*** Begin section ***

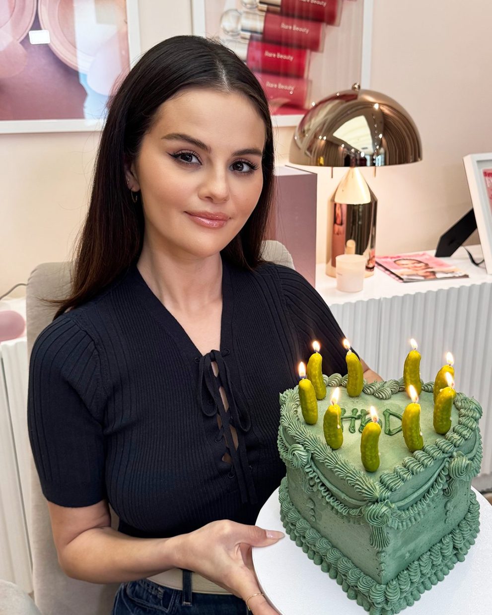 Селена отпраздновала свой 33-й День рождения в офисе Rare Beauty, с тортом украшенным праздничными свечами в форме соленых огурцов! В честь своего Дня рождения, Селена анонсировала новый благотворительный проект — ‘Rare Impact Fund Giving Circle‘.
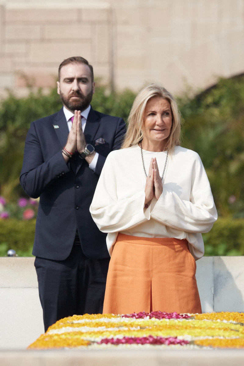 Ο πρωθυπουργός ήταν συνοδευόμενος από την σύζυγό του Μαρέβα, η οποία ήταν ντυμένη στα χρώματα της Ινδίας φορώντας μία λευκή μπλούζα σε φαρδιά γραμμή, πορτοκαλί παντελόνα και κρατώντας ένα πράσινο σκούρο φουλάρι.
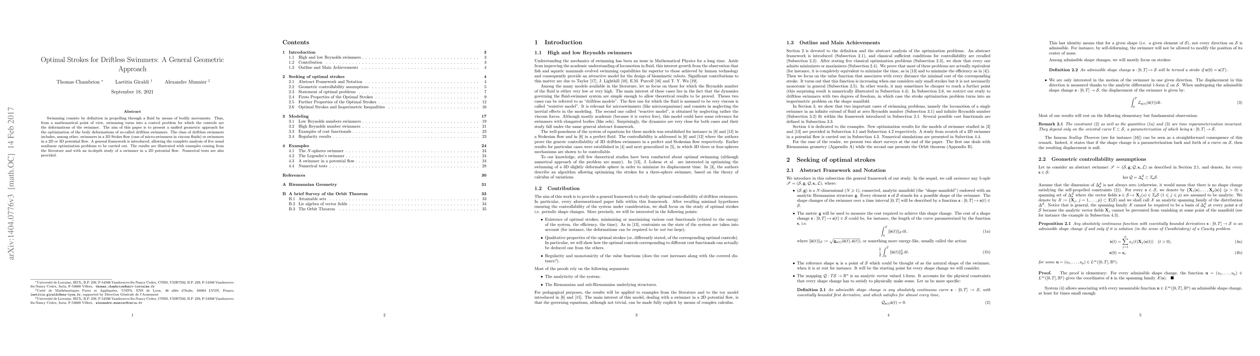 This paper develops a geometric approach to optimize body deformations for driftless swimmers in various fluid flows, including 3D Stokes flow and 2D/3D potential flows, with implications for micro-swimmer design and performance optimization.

*** End section ***

## WHAT YOU HAVE TO DO
Copy nothing but the lines from the one containing "Ο πρωθυπουργός ήταν" through the last line of the listing above, transcribed exactly and with no pictures.

## ANSWER
 Ο πρωθυπουργός ήταν συνοδευόμενος από την σύζυγό του Μαρέβα, η οποία ήταν ντυμένη στα χρώματα της Ινδίας φορώντας μία λευκή μπλούζα σε φαρδιά γραμμή, πορτοκαλί παντελόνα και κρατώντας ένα πράσινο σκούρο φουλάρι.
 This paper develops a geometric approach to optimize body deformations for driftless swimmers in various fluid flows, including 3D Stokes flow and 2D/3D potential flows, with implications for micro-swimmer design and performance optimization.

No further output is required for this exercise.